Speaking to a capacity crowd as keynote speaker, Ferguson said the Navy is already working hard to do more across the globe-with less resources.
“The implications of trying to absorb a 9.4 percent cut on top of the significant reductions we’ve already done in fiscal year 2013 budgets, will have a very significant impact on the workforce, on the research and development accounts-on everything,” said Ferguson.
Ferguson’s wide-ranging talk addressed an array of topics relating to ONR’s pioneering work in science and technology research.
The vice chief applauded ONR-led efforts to improve war fighter capabilities in programs such as the Electromagnetic Railgun, ballistic missile defense, cyber defense and more.
These kinds of technologies, he said, are “game-changers.” And in spite of current fiscal austerity, he stressed that the Department of Navy’s leadership recognizes the importance of science and technology research for the future of the service.
“We’re going to be smaller as we go forward,” he said, regardless of whatever decisions are made on sequestration. “We’re going to be leaner. But in the same breath we have to be technologically advanced. We have to make sure that we put the best technology we have into the hands of our war fighters.
“That’s our promise to future generations.”
Without some sort of adjustment by Congress, currently the subject of discussion on Capitol Hill, the nearly 10 percent across-the-board Department of Defense budget cuts are slated to commence in 2013 and continue for 10 years.
The admiral stated he is personally hopeful lawmakers will moderate the cuts before they kick in, but noted that if no adjustments are made, the long-term as well as immediate effect on the Navy will be heavy.
“If you project out 10 years-remember the budget control act talks about 10 years of reductions- now you start talking about a fleet reduced to about 230-235 ships,” he said. “Now you start talking about reduction of manpower commensurate with that. Now you start talking about the reduction of money going to warfare centers, to R&D efforts.”

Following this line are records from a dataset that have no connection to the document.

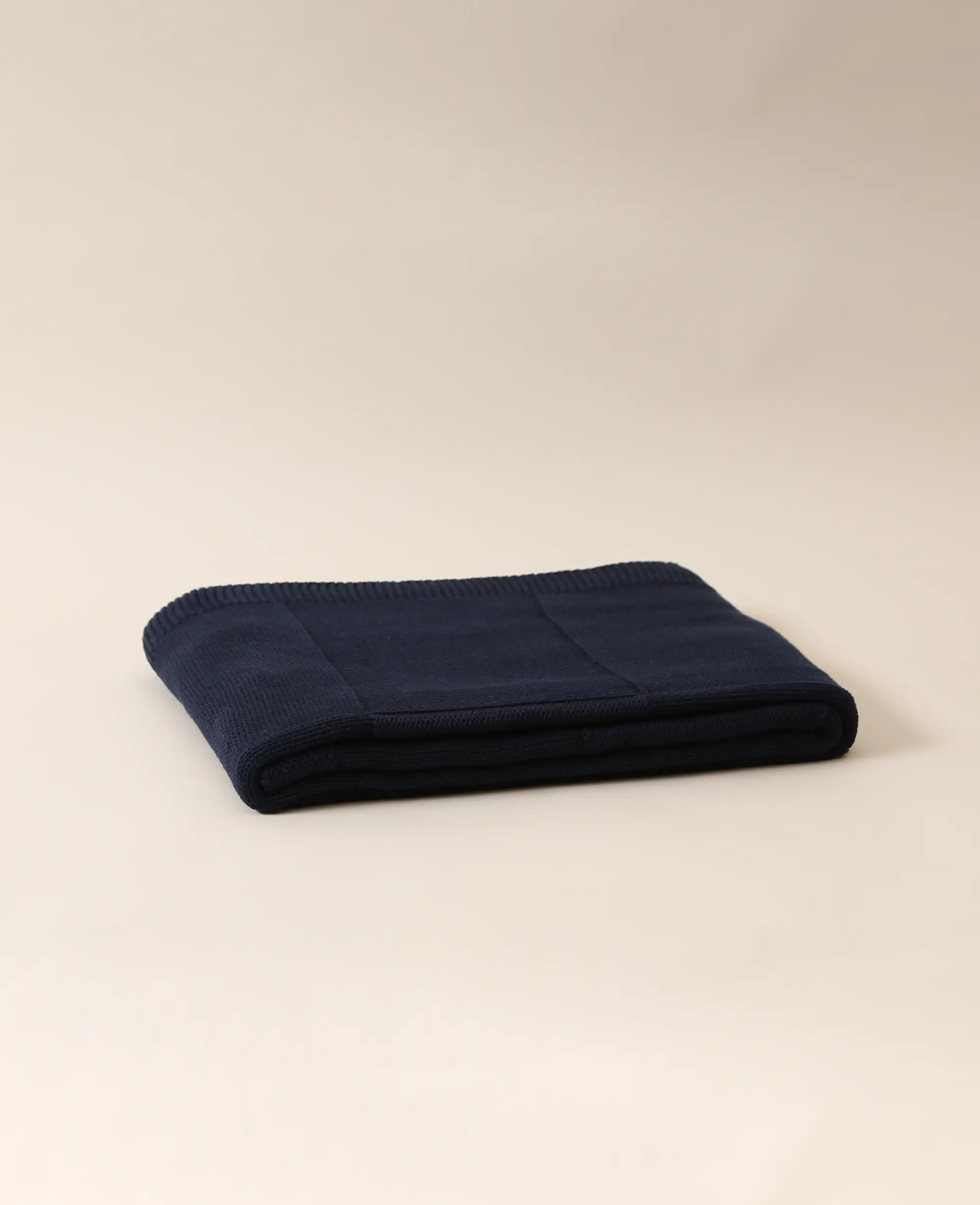 Couverture tricotée douce en coton bleu foncé, 130 x 170 cm
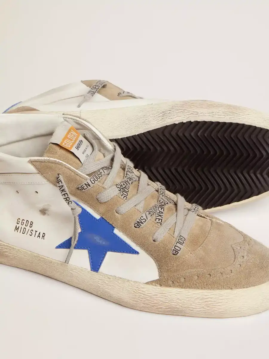 Versatilidad y elegancia únicas: las zapatillas Mid Star aportan un toque refinado a su inspiración en la escena skater de los años ochenta. Estas zapatillas para hombre con parte superior de piel blanca cuentan con inserciones de ante gris paloma y una lengüeta y una estrella de piel azul en el talón. Los detalles brogue y los cordones gris hielo con el logotipo negro en contraste completan el look.
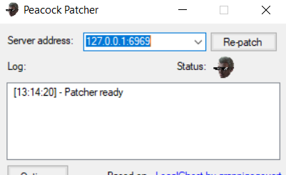 127.0.0.1:NumeroDaPortno campo de URL do Patcher, como mostrado aqui (clique no texto e então escreva, a interface possívelmente será melhorada logo):
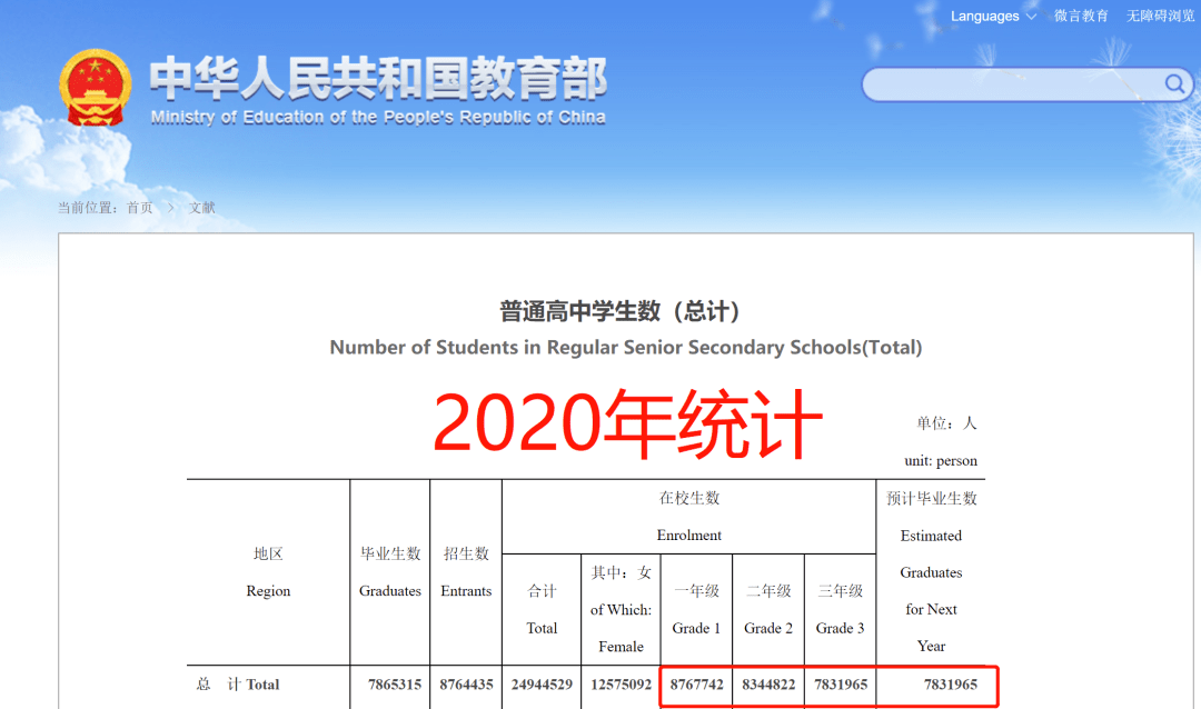 统计人数只是报名人数的73%,剩下的27%的人从哪里来的呢?其实这里面还包含了对口招生、高职单招(中职生的高职高考)、复读等人数。
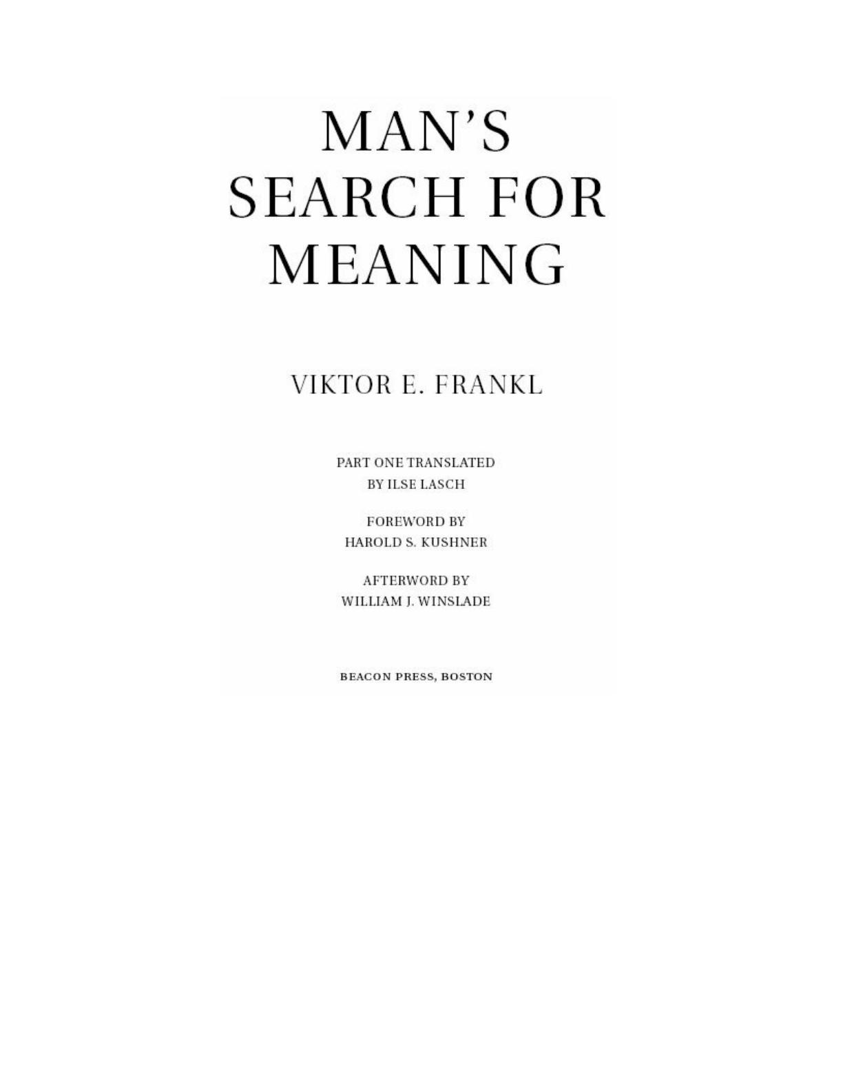 Viktor Frankl’s Man’s Search for Meaning (1946) argues that human beings are driven by a need to find meaning, even in the most horrific suffering. Based on his Holocaust survival, Frankl details three psychological phases of inmates—shock, apathy, and disillusionment—and introduces logotherapy, a method focused on finding purpose in life, love, and work.
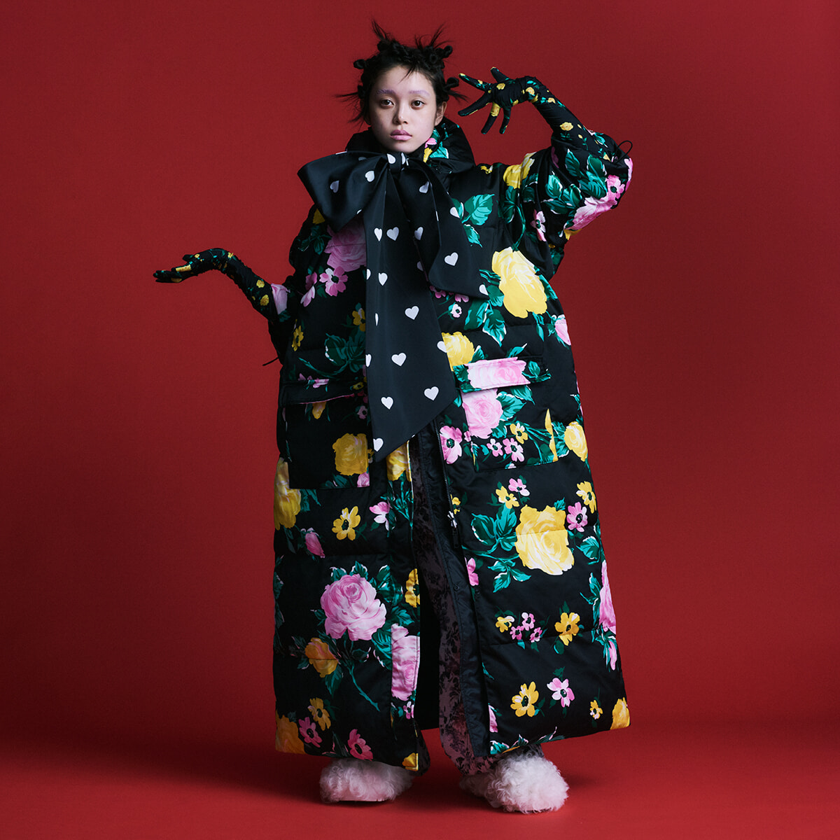 「柄と柄の合わせには、人を感動させるサプライズがあると感じます。気持ちを高揚させるツールでありながらも、合わせ方次第でシックにも装える。だから柄と柄、色と色といったインパクトのあるものをミックスする時こそ、繊細にバランス感覚を研ぎ澄ませて組むようにしています。ベースのカラーをダークトーンで抑えて、繋ぎの色にして。ここでもボリューム感や異素材同士の掛け合わせが全体のバランスを整える手助けになるんです」(山本マナ)

Ferguson’s talk also emphasized the Navy’s commitment to promoting programs aimed at getting young people involved in science, technology, engineering and mathematics careers.
He said he will chair a committee to bring together industry, academic and service leaders to coordinate STEM support.
The science and technology conference is a biennial event bringing together top military, scientific, industry and academic experts in matters related to science, technology and defense. More than 1,500 attendees registered for the event.